L’amélioration des conditions de travail pour lutter contre l’absentéisme parlementaire?
Le nouveau président du parlement veut lui aussi lutter contre l’absentéisme chronique des députés marocains. Prenant le contrepied de son prédécesseur Karim Ghellab qui voulait sévir contre ce fléau, Rachid Talbi Alami veut y remédier à sa manière.
Afin d’inciter les députés à une plus grande assiduité, il faut les motiver ou plutôt, supprimer quelques facteurs de démotivation. Rachid Talbi Alami cible les conditions de travail, pour les mettre “aux standards internationaux“.

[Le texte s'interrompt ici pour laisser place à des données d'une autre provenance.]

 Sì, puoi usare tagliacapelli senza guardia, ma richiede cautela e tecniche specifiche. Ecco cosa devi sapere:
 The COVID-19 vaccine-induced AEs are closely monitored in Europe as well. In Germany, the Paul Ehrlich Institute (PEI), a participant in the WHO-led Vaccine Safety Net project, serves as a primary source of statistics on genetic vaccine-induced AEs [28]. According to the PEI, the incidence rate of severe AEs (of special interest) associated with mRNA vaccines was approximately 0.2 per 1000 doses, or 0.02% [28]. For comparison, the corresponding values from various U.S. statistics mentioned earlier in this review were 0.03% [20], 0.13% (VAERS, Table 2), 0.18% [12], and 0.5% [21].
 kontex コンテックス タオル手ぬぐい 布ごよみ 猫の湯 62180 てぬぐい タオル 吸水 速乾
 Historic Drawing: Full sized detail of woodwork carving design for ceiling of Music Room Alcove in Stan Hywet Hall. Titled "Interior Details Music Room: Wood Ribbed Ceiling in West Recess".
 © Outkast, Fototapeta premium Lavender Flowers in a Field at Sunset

Lundi 5 mai, Rachid Talbi Alami a réuni les présidents des groupes parlementaires pour discuter des moyens susceptibles d’améliorer leur productivité et mettre fin à l’absentéisme. Parmi les pistes soulevées, le transport, surtout pour les députés venus de circonscriptions éloignées de la capitale.

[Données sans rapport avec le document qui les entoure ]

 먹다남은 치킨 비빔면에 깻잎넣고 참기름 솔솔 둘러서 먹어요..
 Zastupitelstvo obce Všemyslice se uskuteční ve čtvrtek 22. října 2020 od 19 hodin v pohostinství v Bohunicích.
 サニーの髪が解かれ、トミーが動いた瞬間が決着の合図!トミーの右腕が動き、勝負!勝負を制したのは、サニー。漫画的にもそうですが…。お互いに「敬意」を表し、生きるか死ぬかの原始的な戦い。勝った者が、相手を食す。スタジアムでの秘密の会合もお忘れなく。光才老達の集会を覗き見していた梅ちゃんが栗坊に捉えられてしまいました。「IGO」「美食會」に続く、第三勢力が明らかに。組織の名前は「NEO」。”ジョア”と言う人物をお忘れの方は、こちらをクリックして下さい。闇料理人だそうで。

Il a ainsi évoqué la signature d’une convention avec la RAM qui assurera le transport aérien des députes avec des réductions conséquentes sans plus de précisions. Une deuxième convention pourrait être conclue avec l’ONCF afin d’augmenter le nombre de bénéficiaires parlementaires de la carte de gratuité de train ainsi qu’une autre avec Autoroutes du Maroc qui accordera aux élus des cartes de péage gratuites. Les députés devraient également bénéficier de forfaits kilométriques de carburant ainsi que de séjours hôteliers de trois jours par semaine à Rabat avec là aussi des réductions importantes. Le tout payé par la Chambre des Représentants.
Arguant que le parlement est en position de force pour négocier des prix préférentiels pour près de 400 élus, Rachid Talbi Alami a affirmé aux présidents des groupes parlementaires que cela devrait permettre de faire des économies à la Chambre. Il leur a également assuré que les tarifs obtenus s’appliqueront aussi au logement des délégations de parlementaires étrangers à moindres coûts.

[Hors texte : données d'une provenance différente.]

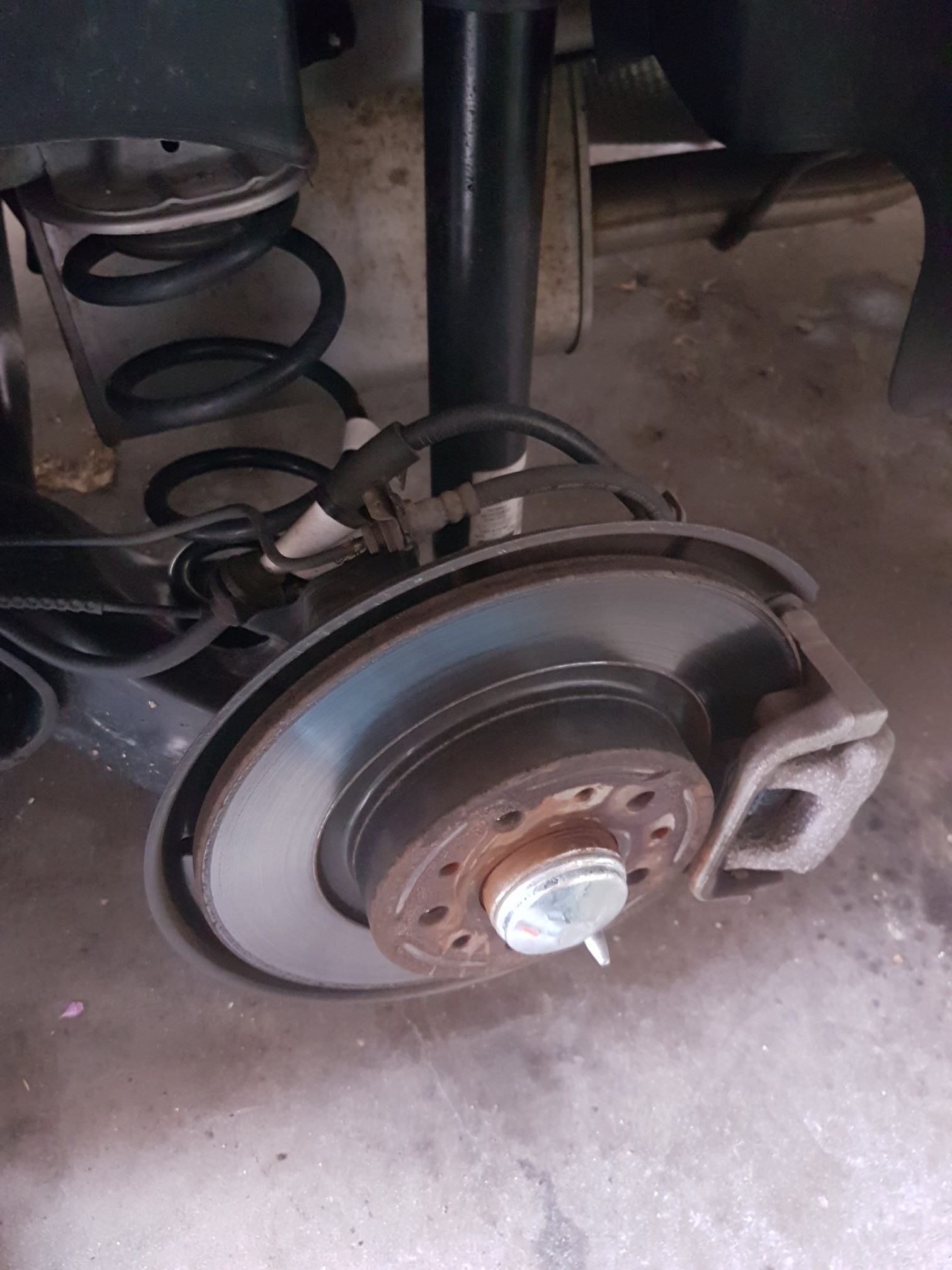 • Soo, gerade gewechselt, schaut vom Zustand gut aus. Der obere Rand der Bremse ist schwarz lackiert, ich denke wegen den Alufelgen.
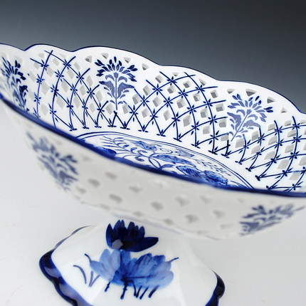 Blue and white hollow fruit plate candy basket Ceramics
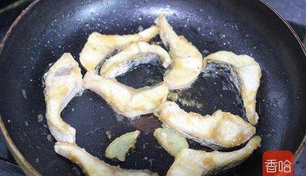 5.平底鍋用薑擦背,熱鍋倒入涼油,放入醃制好的魚塊煎至兩面金黃即可

En même temps qu’était mené ce travail d’échanges et de réflexion autour des conditions de travail, de transport et de séjour à Rabat, une information non confirmée a circulé, notamment sur des médias, évoquant une hausse des indemnités des députés de 4.000 dirhams par mois. Destinée aux 395 élus, cette hausse de leurs traitements aurait en effet coûté la bagatelle de 19 millions de dirhams par an à la chambre basse, si elle était confirmée.
Contactée par notre rédaction, Milouda Hazib présidente du groupe parlementaire d’opposition du PAM, dément formellement cette augmentation de 4.000 dirhams et nous rappelle qu’elle a déjà été proposée en 2012 et 2013, selon elle par Karim Ghellab. Elle affirme que c’est le groupe PJD qui s’était opposé à son application et assure que malgré les annonces de plusieurs médias, la position du parti de la lampe n’aurait pas changé à ce sujet.
Elle nous déclare aussi que les mesures proposées par le président du parlement ne sont absolument pas dictées par un objectif de lutte contre l’absentéisme des élus mais simplement par le souci de se mettre au diapason des standards de travail internationaux au niveau parlementaire.
A l’appui de ses dires, Milouda Hazib avance que partout ailleurs dans le monde, les députés disposent d’un bureau, d’un staff, d’une assistante, de voiture et d’indemnités pour les frais imprévus. Le Maroc serait ainsi très en retard car les élus manquent de tout même de chaises pour s’asseoir et c’est ce manque de moyens basiques qui explique l’absentéisme chronique des élus selon elle.
Elle conclut son propos en affirmant que les futurs avantages en nature qui seront attribués aux députés ne sont qu’au stade de discussion et que le bureau du parlement présidé par Rachid Talbi Alami reste le seul décisionnaire.